Figure EV4. Crystallographic features of the active site.

1. Na⁺ ion coordination in the 1aR‐DNA structure. Na⁺ and water oxygens are shown as purple and red spheres, respectively. 1aR is magenta, and the opposite thymidine T6 is green. Superscripts in nucleotide labels refer to the 1aR‐containing, damaged (D) strand or the opposite, undamaged (U) strand. Hydrogen bonds are shown as dashed lines with interatomic distances in Ångstroms.

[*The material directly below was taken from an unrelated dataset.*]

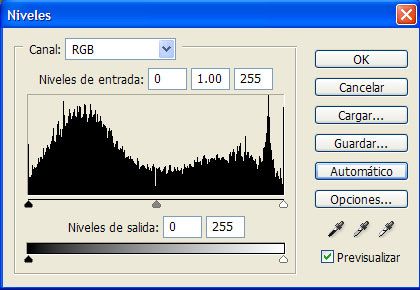 Seleccionamos la capa “luz” y presionamos nuestro botón “capa de ajuste”, seleccionamos niveles y presionamos la opción: “Niveles automáticos”.

2. Stereo‐views of the PfAlkC/1aR‐DNA active site. Active site residues are blue, and DNA is gold/magenta/green. Pentaerythritol propoxylate (PEP) sequestered from the solvent is in silver and superimposed against composite omit electron density contoured at 1σ. The putative catalytic water is shown as a red sphere. One arm of the PEP projects into the DNA kink between the 1aR and the flanking base pairs and thus may limit rotation of the 1aR ring back toward the DNA. The other two polymeric PEP arms project outward to solvent. The fourth PEP arm is not present; its terminal hydroxyl group forms a hydrogen bond to the displaced T6^U thymine base. The position of the thymine is thus affected by the presence of the PEP in addition to its coordination by the Na⁺ ion. However, even in the absence of these stabilizing contacts, the T6^U thymidine would be displaced into the minor groove as a result of the kink in the DNA. The space occupied by the PEP molecule would be occupied by the excised base both before and immediately after cleavage.